Every month, 130 million people around the world use the Google-owned navigation app Waze to get somewhere faster in their cars. But with congestion rising, commutes have only gotten longer. In the US, drivers spend an average of nine full days in the car each year according to US census data.
It’s been a year since Waze rolled out its carpool feature nationwide in the US, matching drivers on scheduled commutes with paying passengers. “Waze needed to adapt to a world in which roads were quickly filling up,” Josh Fried, head of Waze Carpool, tells Quartz. “The routing we’re doing is not having as much of an effect because there are too many cars on the road.”
Waze facilitated 550,000 rides in September, and it says it’s on track to hit 1 million by early next year. Waze says it has avoided putting the equivalent of 10,000 tons of carbon dioxide into the atmosphere since launching.
Yet carpooling has proved a tough sell for Americans. Only 7% of Americans carpool (pdf), down from a peak of about 20% during the 1970s oil crisis. “It’s taken more convincing in the US to get people to try and carpool,” notes Fried, comparing it to the rapid growth carpooling has seen in countries like Mexico and Brazil where it’s more culturally accepted. Only three US metro areas where carpooling is already well-established—Seattle, the San Francisco Bay Area, and Washington DC—have seen quick adoption, says Fried.
To lure new riders and drivers, Waze is giving away tacos, canvassing co-working spaces, and partnering with transit agencies. For now, Waze doesn’t take a cut of any fees it collects from riders (about 54 cents per mile), and is entirely advertising (and Google) supported. But it may collect a service fee in the future if it can scale the service, Fried told Quartz.

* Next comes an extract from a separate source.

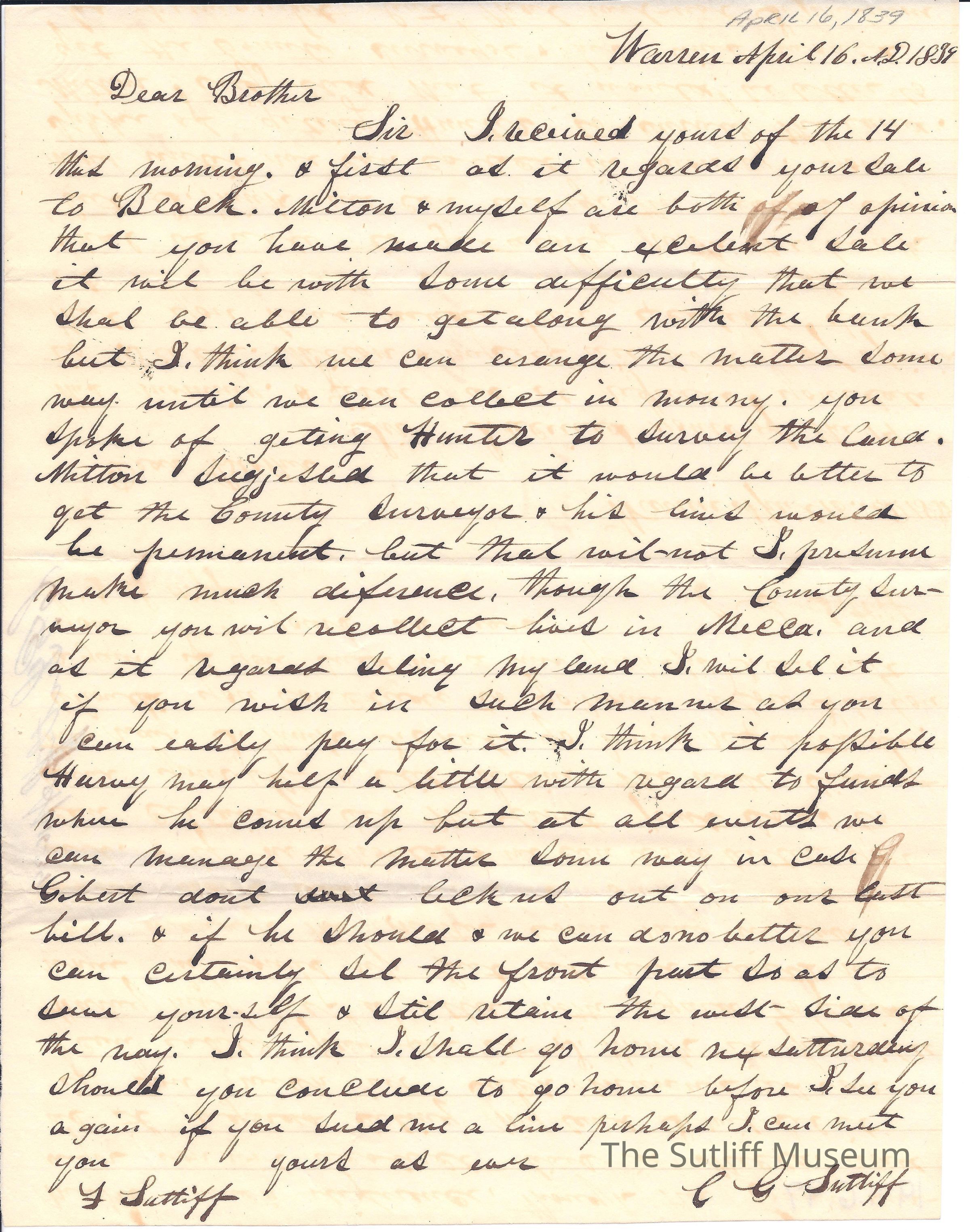 Letter from Calvin Sutliff to Flavel Sutliff regarding the purchase of a parcel of land although it will require extensive financing.Collection
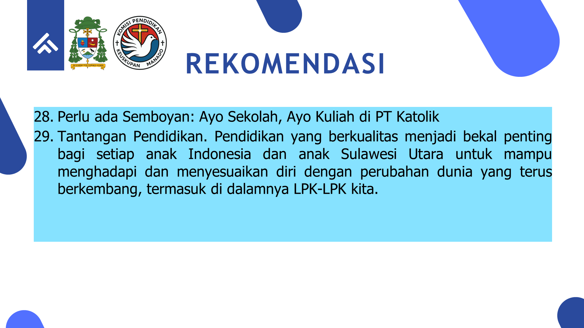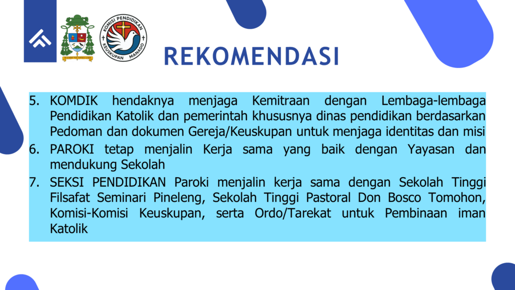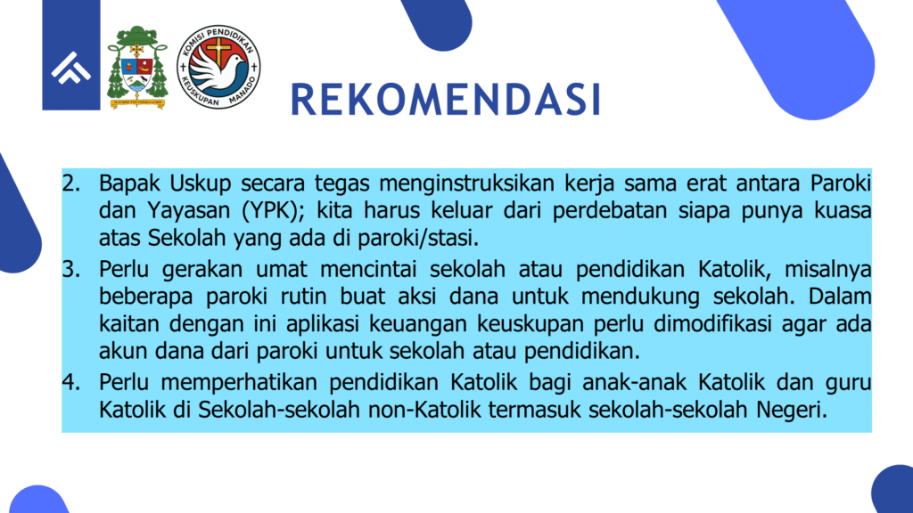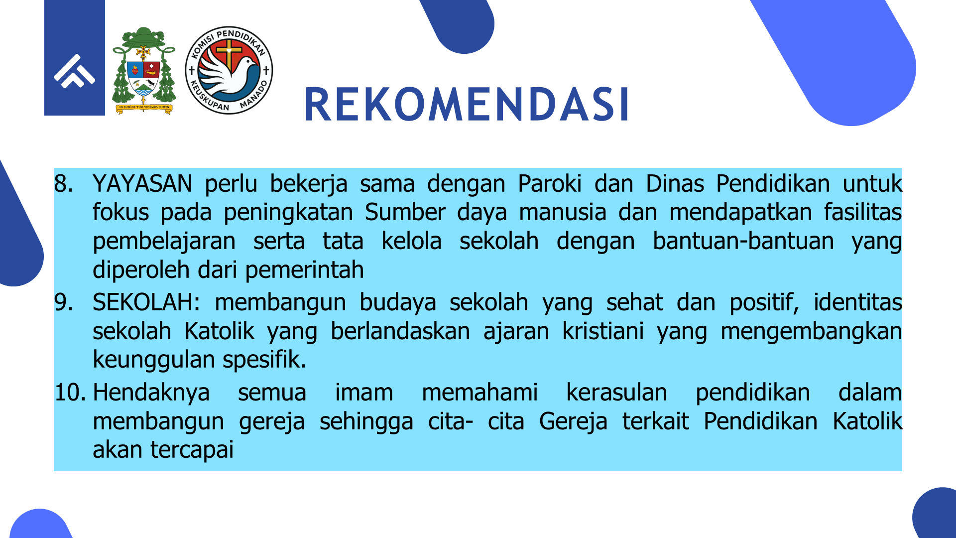 - Penyusunan Buku Pedoman Komisi Pendidikan Keuskupan Manado

A big business could be waiting for Waze and competitors like Scoop. While Lyft and Uber are battling it out for on-demand service, they have left casual commuting largely untouched. Lyft dropped its carpool pilot program in 2016, while calling it the “right long-term strategy.”
Waze has the advantage of having already solved one of the hardest carpooling problems: matching enough drivers and passengers within a single market. Its mapping platform has millions of customers already commuting to work. As more people sign up, Waze can offer more rides in real-time, and integrate them with micro-mobility options from scooters to bikes in the future. Today, Waze carpool drivers go an average of three to four minutes out of their way to pick up riders. With more users, those numbers should drop, while saving drivers and riders time by accessing special high-occupancy lanes. And unlike Uber and Lyft, Waze doesn’t have any about drivers as contractors or employees.
Until autonomous vehicles arrive, and it may be a while (membership), the newest thing in ride-hailing could be carpooling.